[Data excerpts]
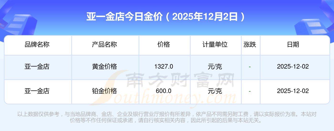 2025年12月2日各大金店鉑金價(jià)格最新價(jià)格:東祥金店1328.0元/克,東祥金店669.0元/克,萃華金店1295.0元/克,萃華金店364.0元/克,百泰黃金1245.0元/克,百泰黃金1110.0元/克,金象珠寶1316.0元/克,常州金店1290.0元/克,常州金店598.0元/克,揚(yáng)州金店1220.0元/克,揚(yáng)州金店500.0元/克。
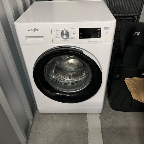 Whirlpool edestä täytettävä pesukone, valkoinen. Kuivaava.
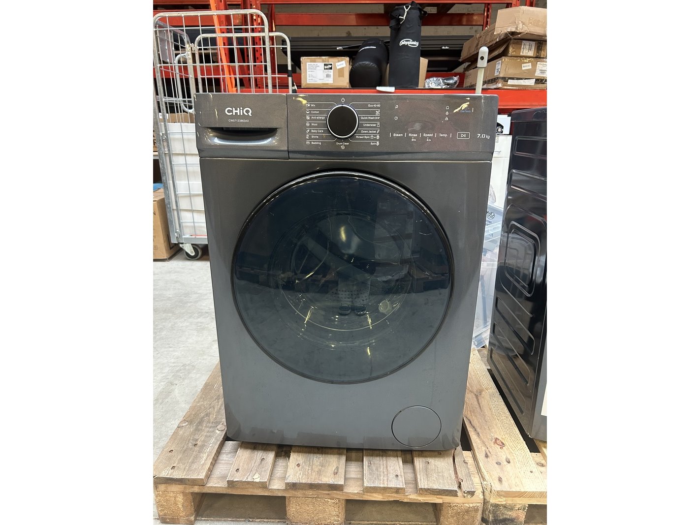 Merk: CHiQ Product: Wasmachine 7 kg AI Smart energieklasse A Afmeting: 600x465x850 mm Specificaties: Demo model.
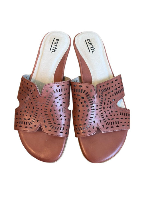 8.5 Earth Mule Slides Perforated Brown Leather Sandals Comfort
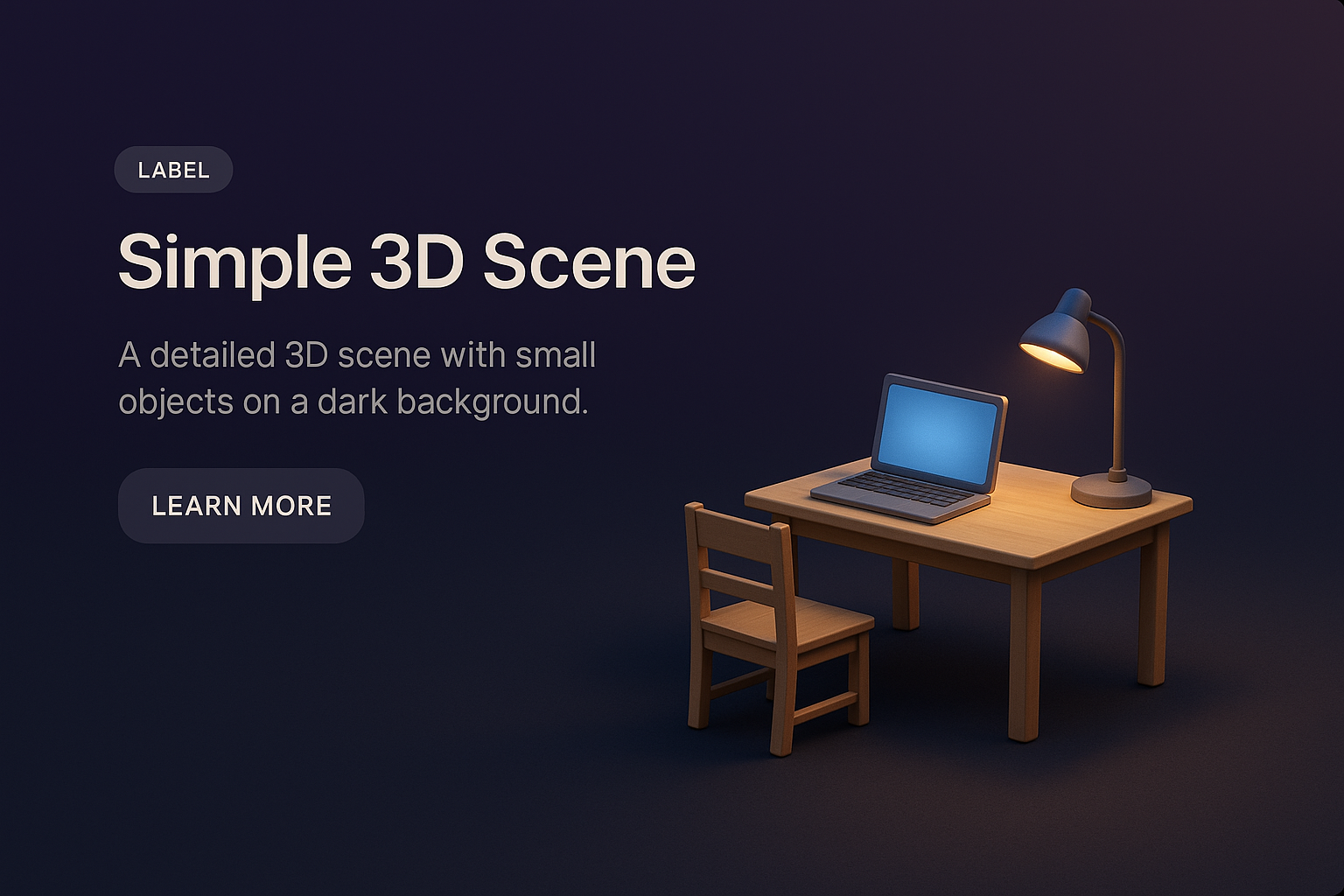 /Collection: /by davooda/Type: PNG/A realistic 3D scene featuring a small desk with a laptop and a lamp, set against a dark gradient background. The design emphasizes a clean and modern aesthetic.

What is required: Quote the data above in full, leaving out the pictures it holds.

Answer box:
 2025年12月2日各大金店鉑金價(jià)格最新價(jià)格:東祥金店1328.0元/克,東祥金店669.0元/克,萃華金店1295.0元/克,萃華金店364.0元/克,百泰黃金1245.0元/克,百泰黃金1110.0元/克,金象珠寶1316.0元/克,常州金店1290.0元/克,常州金店598.0元/克,揚(yáng)州金店1220.0元/克,揚(yáng)州金店500.0元/克。
 Whirlpool edestä täytettävä pesukone, valkoinen. Kuivaava.
 Merk: CHiQ Product: Wasmachine 7 kg AI Smart energieklasse A Afmeting: 600x465x850 mm Specificaties: Demo model.
 8.5 Earth Mule Slides Perforated Brown Leather Sandals Comfort
 /Collection: /by davooda/Type: PNG/A realistic 3D scene featuring a small desk with a laptop and a lamp, set against a dark gradient background. The design emphasizes a clean and modern aesthetic.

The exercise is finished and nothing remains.